Humans of Harker: Megan Huynh debates for a cause


Melissa Kwan

“Yes, I want to achieve justice and equality in the world, why is that a bad thing?” Megan Huynh (12) said.

by Nina Gee, Reporter

Like many other Harker students, Megan Huynh (12) began her middle school career with a debate class and a hatred of public speaking.

“My mom forced me to take the class,” Megan said. “I was really nervous about it because I was super shy and I hated public speaking and I dreaded it absolutely. It was the worst.”

Seven years later, she’s now a captain of her debate team and thriving in her environment. She’s met like-minded debaters from all over the US, travelling to tournaments and overnight camps.

“Debate helped me become more confident,” she said. “When I was in middle school, I was super shy, but debate gave me the self-assurance I needed to open up more and meet new people.”

Jenny Achten, Megan’s debate coach, appreciates Megan’s levelheaded perspective.

“She has a really strong temperament,” Achten said. “A lot of it is just times when the team is hanging out, and Megan is just clearly a leader of the team. She sort of takes the good and the bad in stride, which I think is fantastic. She tends to not get stressed out and instead just sort of thinks about moving on to the next thing and having a good attitude.”

As a policy debater, Megan loves researching the nuances of subjects that aren’t discussed in a normal classroom setting.

“I just really like learning for the sake of learning, and being able to create change or learn about ways that we could create change in the future,” she said. “Being able to think about how policies impact us, and what policy action we should take to improve the state of the community, that’s just super interesting.”

And judging from her student council involvement as ASB Treasurer, Megan walks the talk. From the revamped sophomore advisory bake sales to the record-breaking Winter Ball attendance last year, Megan has a proven track record of innovative ways to help the community.
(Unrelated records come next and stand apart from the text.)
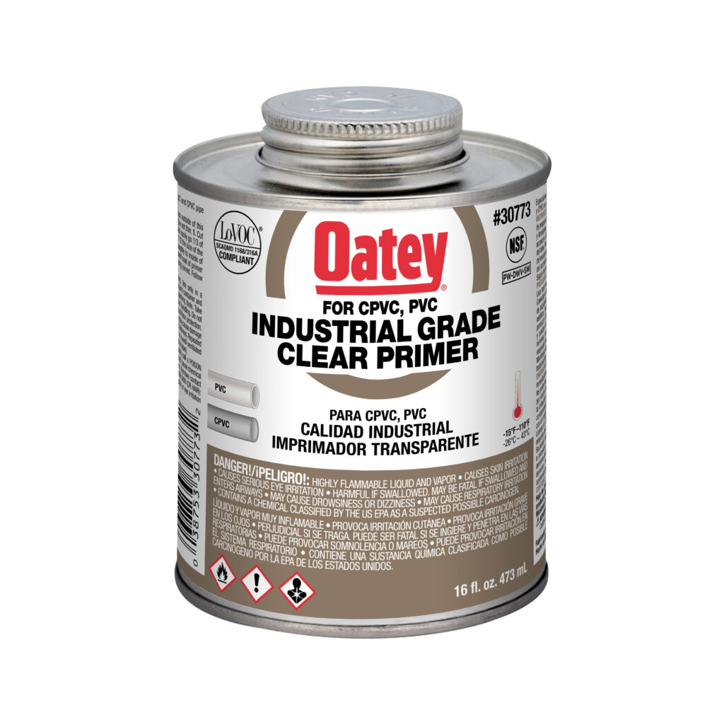 Oatey® Industrial Grade Clear Primer è un primer aggressivo, certificato NSF, da utilizzare su sistemi di tubazioni termoplastiche commerciali e di grande diametro, in particolare CPVC Sch. 40 / 80. È formulato per l’uso su tubi e raccordi in PVC e CPVC in applicazioni a basse temperature. Rimuove i contaminanti come lo sporco superficiale, il grasso e la sporcizia e ammorbidisce la superficie del tubo per consentire una saldatura a solvente rapida e sicura. La sua finitura trasparente non macchia la maggior parte delle superfici e si applica facilmente con il pennarello incluso nel coperchio. I prodotti Oatey hanno guadagnato la fiducia dei professionisti del settore idraulico per oltre 100 anni.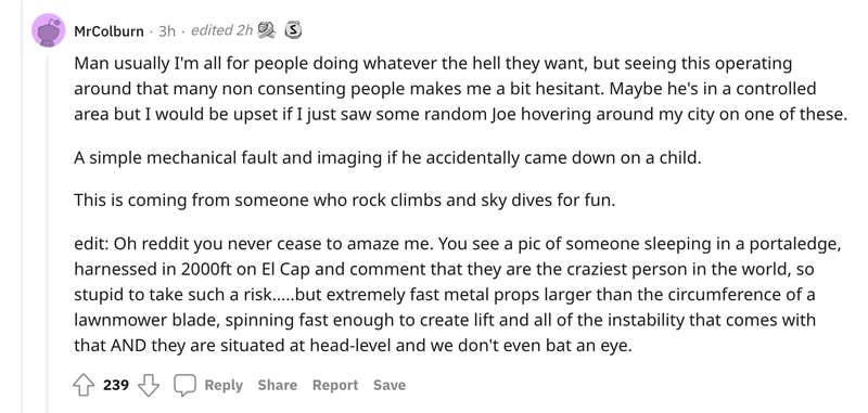 Another person pointed out public safety, “Man usually I'm all for people doing whatever the hell they want, but seeing this operating around that many non consenting people makes me a bit hesitant. Maybe he's in a controlled area but I would be upset if I just saw some random Joe hovering around my city on one of these.”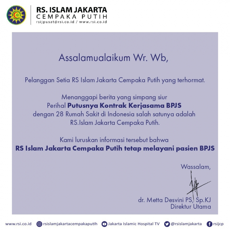 Kami luruskan informasi tersebut bahwa RS Islam Jakarta Cempaka Putih tetap melayani pasien BPJS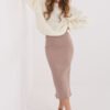 Knitted midi skirt made of soft, ribbed material providing high comfort. A casual style model that will work well in everyday outfits as well as as a part of a work outfit. Its smooth pattern gives it a universal character and makes it easy to combine with various styles of blouses or sweaters. At the back, at the bottom, there is a practical slit that emphasizes the silhouette and ensures freedom of movement. The skirt is made of cotton with the addition of elastane, making it elastic, pleasant to the touch, and well-fitted to the figure. The lack of fastening emphasizes the simple, comfortable form of the model.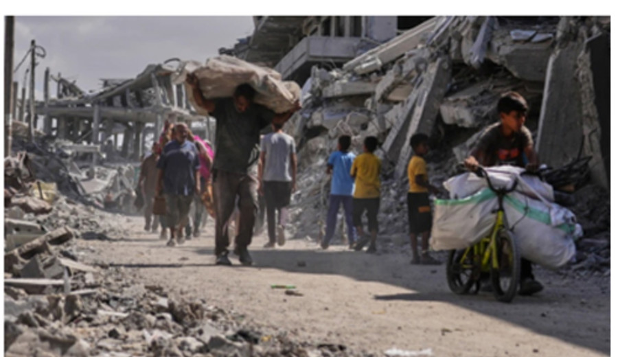 Imagen: De regreso a casa, o al menos a lo que queda de ella: Palestinos desplazados caminan con sus pertenencias frente a edificios destruidos mientras regresan a sus antiguas residencias en Khan Younis, al sur de la Franja de Gaza, el viernes 10 de octubre de 2025. | Jehad Alshrafi / AP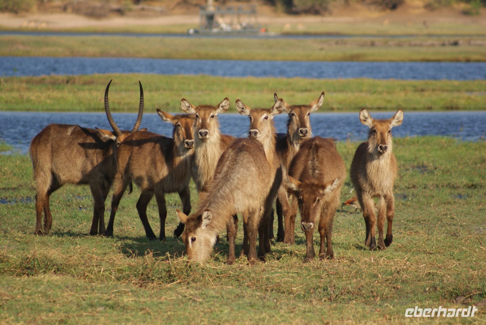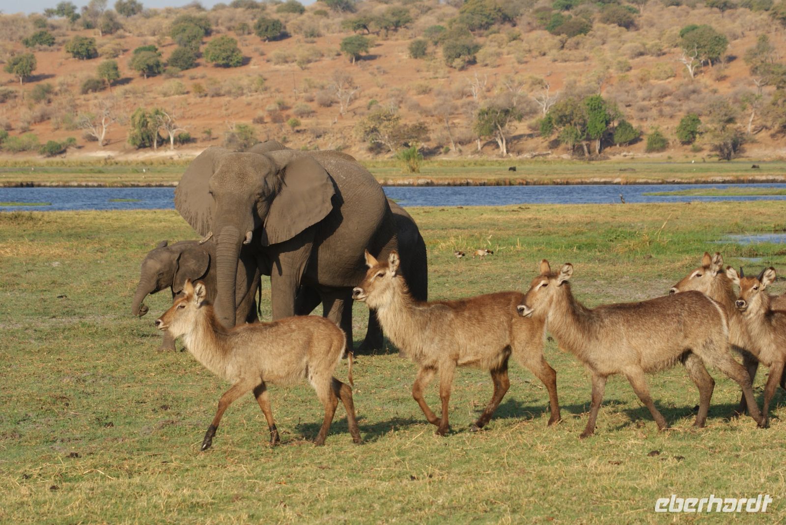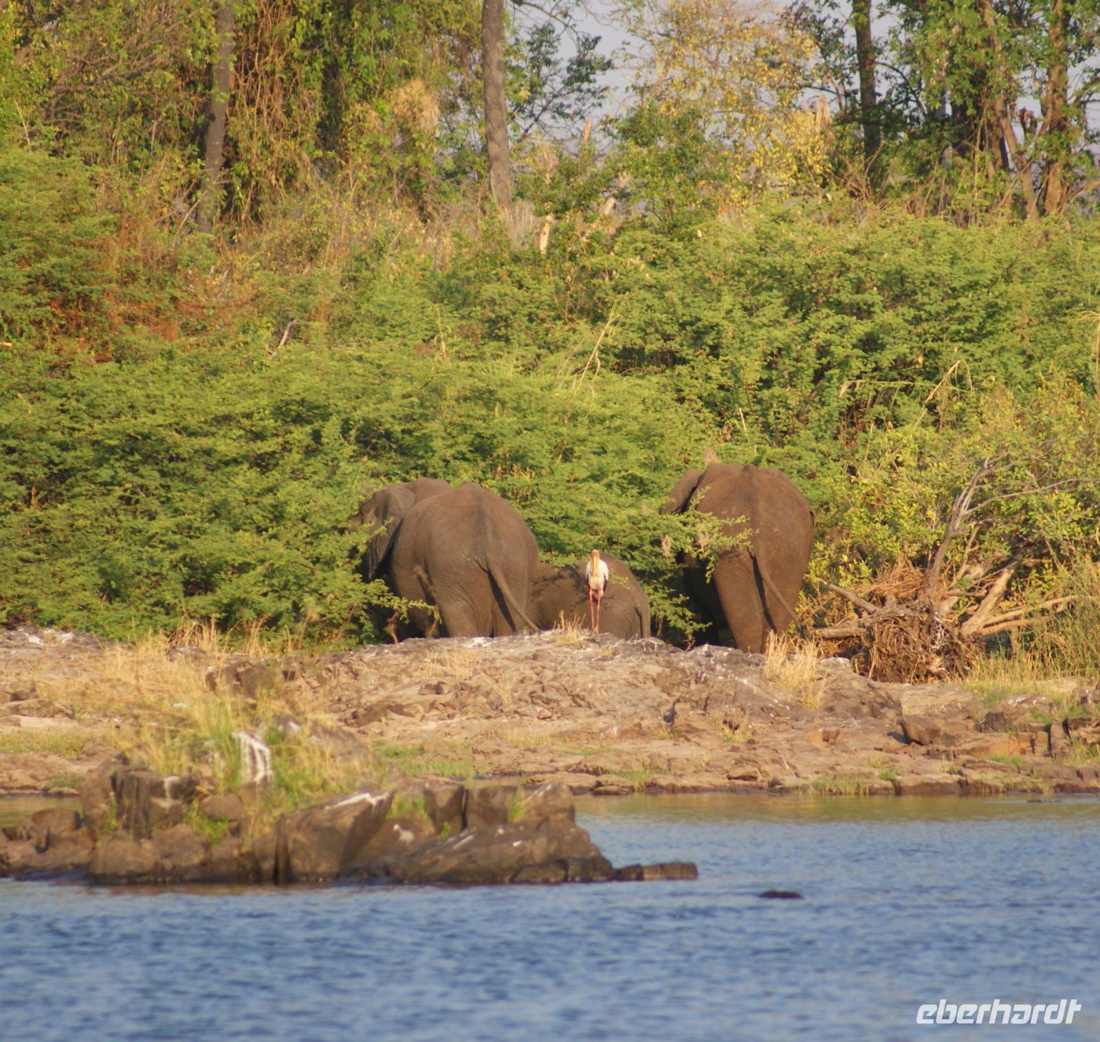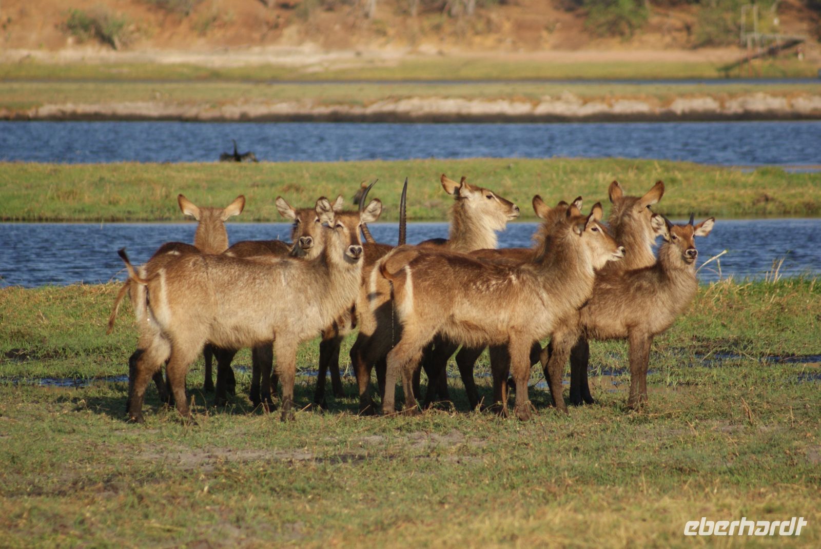 Nach einer geruhsamen Nacht und einem wunderbaren Frühstück mit Blick auf den Fluss ziehen wir weiter entlang der Sambesi Region Richtung Osten. Wir durchfahren den Bwabwata Nationalpark und befinden uns nun zwischen zwei Ländern. Zur rechten Seite liegt Botswana, zur linken Seite Angola, wir auf der Transitstraße noch in Namibia. Elefantenwarnschilder weisen darauf hin, dass jederzeit mit den Dickhäutern zu rechnen ist. Nachdem wir das besondere Schild fotografiert haben, stoßen wir auf eine große Herde mit ca. 20 Elefanten-einfach unglaublich. Kurz vor unserem Tagesziel sehen wir die seltenen Lechwe Antilopen, die jedoch zu scheu sind, um sich von uns fotografieren zu lassen. Dafür präsentieren sich viele Kudus mit riesengroßen Ohren und lassen sich bereitwillig von uns aufnehmen. In Kongola besuchen wir einen schönen Souvenirladen und erreichen am frühen Nachmittag die wunderschöne Namushasha Lodge, welche idyllisch am Kwando liegt. Wir genießen den freien Nachmittag in unseren komfortablen Unterkünften und lassen die Seele mit Blick auf Fluss und Landschaft dahinter baumeln. Abends erfolgt ein sehr köstliches Abendessen, welches wir auf der Terrasse der Lodge unter dem Sternenhimmel mehr als zu schätzen wissen.

Her efforts rarely go unnoticed, especially to the people close to her.

“Megan’s determination is really cool to see in ASB or [in] student council,” her close friend Jenna Sanders (12) said. “I think that’s also a thing that she’s humble about, her involvement in that: She’s doing more than she’s supposed to but not because she’s being asked [to do it].”

Debate also provided a segue into another one of Megan’s interests: social justice.

“A lot of people are like, ‘Oh, discrimination doesn’t really exist. Women are equal, people of color are equal,’” she said. “But obviously that’s not true. Debate has really gotten me into issues of social justice and equality, in that sense.”

Megan’s identity as a woman of color has shaped her experience in the debate world.

“In debate, I’m punished for being too confident,” she said. “It comes off as aggression, or anger, and people, are like, ‘Calm down.’ People try to speak over me in my speeches, or when they ask me questions, and stuff like that. There’s still a disparity of women in academia, because it’s still seen as a predominantly male space. Female voices are still limited both in and out of learning areas, I guess. Yes, I want to achieve justice and equality in the world, why is that a bad thing?”

In the future, Megan hopes to combine medicine and political science into a career as a surgeon general, so she can shape health policy. As a correspondent for the We the Ppl, a politics podcast made by and for high schoolers, Megan has found a platform to share her opinion. In June, she covered a Planned Parenthood rally for the podcast.

“I just wish people were more informed about what they do [and] the issues that are currently going on,” she said. “A lot of people my age, in high school, aren’t super politically aware or care that much, but I think it’s super important to pay attention [and to] be aware of what’s going on in current events, because that can directly impact you.”